⟨

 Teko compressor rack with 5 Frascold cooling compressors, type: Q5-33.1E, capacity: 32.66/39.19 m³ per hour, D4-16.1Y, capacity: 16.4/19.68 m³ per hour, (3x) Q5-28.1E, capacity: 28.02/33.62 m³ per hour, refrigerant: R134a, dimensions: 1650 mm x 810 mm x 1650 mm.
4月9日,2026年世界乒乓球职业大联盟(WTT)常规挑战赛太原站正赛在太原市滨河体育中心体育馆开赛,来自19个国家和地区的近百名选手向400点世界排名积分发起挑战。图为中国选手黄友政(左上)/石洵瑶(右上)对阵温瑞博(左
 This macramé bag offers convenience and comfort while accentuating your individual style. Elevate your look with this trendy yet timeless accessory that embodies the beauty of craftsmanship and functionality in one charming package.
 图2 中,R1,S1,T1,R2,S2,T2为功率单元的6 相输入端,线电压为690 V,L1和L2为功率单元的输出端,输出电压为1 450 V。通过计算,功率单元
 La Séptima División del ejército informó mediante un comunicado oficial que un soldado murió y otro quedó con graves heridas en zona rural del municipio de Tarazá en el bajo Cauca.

⟩
⟨

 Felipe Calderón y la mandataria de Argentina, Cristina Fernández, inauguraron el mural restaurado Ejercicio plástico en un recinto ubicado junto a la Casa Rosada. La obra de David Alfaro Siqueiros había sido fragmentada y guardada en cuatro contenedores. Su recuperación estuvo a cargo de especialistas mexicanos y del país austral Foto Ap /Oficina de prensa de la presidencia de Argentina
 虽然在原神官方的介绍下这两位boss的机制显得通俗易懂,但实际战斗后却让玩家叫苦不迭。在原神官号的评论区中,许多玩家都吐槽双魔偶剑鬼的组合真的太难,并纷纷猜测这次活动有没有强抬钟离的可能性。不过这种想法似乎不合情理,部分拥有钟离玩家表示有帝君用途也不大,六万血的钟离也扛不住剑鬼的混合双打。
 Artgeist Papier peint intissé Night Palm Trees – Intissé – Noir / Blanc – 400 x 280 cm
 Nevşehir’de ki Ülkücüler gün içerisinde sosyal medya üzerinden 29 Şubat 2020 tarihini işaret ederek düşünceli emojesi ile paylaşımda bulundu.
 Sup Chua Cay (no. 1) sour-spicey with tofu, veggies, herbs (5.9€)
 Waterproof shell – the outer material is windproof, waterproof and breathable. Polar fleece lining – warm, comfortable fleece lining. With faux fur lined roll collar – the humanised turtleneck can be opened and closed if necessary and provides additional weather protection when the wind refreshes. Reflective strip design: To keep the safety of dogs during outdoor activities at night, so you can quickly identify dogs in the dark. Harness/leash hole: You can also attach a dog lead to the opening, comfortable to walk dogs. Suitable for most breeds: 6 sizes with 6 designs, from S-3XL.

⟩

TASK GOAL: Print only what lies in the material above starting at the line with "图2 中,R1,S1,T1,R2,S2,T2为功率单元的6 相输入端,线电压为690" and ending at the line with "La Séptima División", every line exactly as given.

THE ANSWER:
 图2 中,R1,S1,T1,R2,S2,T2为功率单元的6 相输入端,线电压为690 V,L1和L2为功率单元的输出端,输出电压为1 450 V。通过计算,功率单元
 La Séptima División del ejército informó mediante un comunicado oficial que un soldado murió y otro quedó con graves heridas en zona rural del municipio de Tarazá en el bajo Cauca.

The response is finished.